The issue can occur due to a connectivity issue between the NSX Manager and the pods.
To confirm connectivity, test the following:
- Confirm NSX to K8 cluster connectivity:
- Get the external ingress IP of the k8s cluster by running the below command from the root CLI of the NSX manager:
# napp-k get svc -n projectcontour
# This should display the following output:
NAME TYPE CLUSTER-IP EXTERNAL-IP PORT(S)
projectcontour ClusterIP 192.x.x.x <none> 8001/TCP
projectcontour-envoy LoadBalancer 192.x.x.x 10.x.x.x 80:31434/TCP,443:31873/TCP
2. Ensure that the external IP address (10.0.8.3 in the above example) is reachable from the manager node:
# openssl s_client -debug -connect 10.x.x.x:443
connect: Connection timed out
connect:errno=110
3. if you get timeout like the above, it means there is an issue in your k8s network infra.
- Check cluster-api to NSX Manager connectivity:
- Checking the log for the cluster API you see connection timed out errors like the below:
{"time":"2023-02-01T16:12:37.08024686Z","level":"ERROR","prefix":"-","file":"service.go","line":"426","message":"Fetching NSX config for populating intelligence default config failed: Unable to fetch platform deployment config: Get \"https://<nsx-manager>/policy/api/v1/infra/sites/default/napp/deployment/platform\": dial tcp 10.x.x.x:443: connect: connection timed out"}
- The "nsx-manager" is a service in k8s that proxies call to policy manager.

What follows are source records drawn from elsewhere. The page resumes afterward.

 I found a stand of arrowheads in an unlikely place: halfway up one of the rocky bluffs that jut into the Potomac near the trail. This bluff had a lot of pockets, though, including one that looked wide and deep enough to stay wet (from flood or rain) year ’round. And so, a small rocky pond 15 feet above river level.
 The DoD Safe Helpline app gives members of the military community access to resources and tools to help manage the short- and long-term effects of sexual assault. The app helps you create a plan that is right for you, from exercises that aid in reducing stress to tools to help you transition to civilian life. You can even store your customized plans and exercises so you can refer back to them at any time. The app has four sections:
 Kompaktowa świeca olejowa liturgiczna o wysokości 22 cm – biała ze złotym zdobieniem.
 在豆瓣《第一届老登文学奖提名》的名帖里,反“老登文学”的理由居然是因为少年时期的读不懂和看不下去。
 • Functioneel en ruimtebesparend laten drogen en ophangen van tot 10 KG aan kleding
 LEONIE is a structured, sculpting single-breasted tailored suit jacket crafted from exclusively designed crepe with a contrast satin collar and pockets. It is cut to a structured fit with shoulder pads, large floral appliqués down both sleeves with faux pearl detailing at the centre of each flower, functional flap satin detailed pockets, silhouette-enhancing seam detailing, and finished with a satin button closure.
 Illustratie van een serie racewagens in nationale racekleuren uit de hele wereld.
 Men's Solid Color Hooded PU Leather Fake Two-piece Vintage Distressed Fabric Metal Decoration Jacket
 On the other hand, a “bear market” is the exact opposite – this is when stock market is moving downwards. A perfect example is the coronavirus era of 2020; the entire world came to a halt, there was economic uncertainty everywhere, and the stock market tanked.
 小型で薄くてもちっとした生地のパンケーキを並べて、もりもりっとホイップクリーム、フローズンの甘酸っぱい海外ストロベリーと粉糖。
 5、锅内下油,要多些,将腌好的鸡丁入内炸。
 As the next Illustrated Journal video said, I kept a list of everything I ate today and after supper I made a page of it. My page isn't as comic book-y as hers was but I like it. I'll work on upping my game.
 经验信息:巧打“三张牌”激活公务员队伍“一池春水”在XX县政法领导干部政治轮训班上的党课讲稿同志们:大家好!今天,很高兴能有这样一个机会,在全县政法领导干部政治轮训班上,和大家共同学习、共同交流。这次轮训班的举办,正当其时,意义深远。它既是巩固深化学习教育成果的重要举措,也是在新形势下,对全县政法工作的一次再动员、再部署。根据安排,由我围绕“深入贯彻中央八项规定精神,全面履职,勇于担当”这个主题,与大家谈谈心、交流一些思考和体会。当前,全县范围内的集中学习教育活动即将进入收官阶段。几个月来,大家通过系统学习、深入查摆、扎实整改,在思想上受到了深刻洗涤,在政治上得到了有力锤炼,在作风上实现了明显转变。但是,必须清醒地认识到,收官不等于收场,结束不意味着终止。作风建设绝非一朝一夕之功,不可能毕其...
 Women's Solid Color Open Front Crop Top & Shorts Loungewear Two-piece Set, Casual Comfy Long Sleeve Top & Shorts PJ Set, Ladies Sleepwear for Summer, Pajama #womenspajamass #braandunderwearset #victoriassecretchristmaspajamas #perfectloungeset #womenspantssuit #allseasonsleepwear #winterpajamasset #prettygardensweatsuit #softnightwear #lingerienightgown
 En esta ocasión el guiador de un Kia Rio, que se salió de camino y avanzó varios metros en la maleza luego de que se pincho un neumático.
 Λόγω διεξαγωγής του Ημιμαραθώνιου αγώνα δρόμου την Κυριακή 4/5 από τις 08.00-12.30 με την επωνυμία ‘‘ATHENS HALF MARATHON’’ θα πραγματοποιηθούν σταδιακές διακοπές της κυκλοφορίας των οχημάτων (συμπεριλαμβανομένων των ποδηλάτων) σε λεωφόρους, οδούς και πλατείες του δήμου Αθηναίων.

Please check if there are any connectivity issues from the cluster-api pod by executing this command from the NSX Manager shell:
napp-k exec -it `napp-k get pods | grep cluster | cut -d ' ' -f 1` -c cluster-api -- sh -c "curl https://<nsx-manager>/policy/api/v1/infra/sites/default/napp/deployment/platform --cert /certs/egress-tls.crt --key /certs/egress-tls.key -k"
* Trying 10.x.x.x...
* TCP_NODELAY set
* connect to 10.x.x.x port 443 failed: Connection timed out
* Failed to connect to <nsx manager> port 443: Connection timed out
* Closing connection 0
curl: (7) Failed to connect to <nsx manager> port 443: Connection timed out
command terminated with exit code 7
- In this example we confirmed the connection timed out.
- Investigate why these components are unable to communicate (firewall, physical networking etc).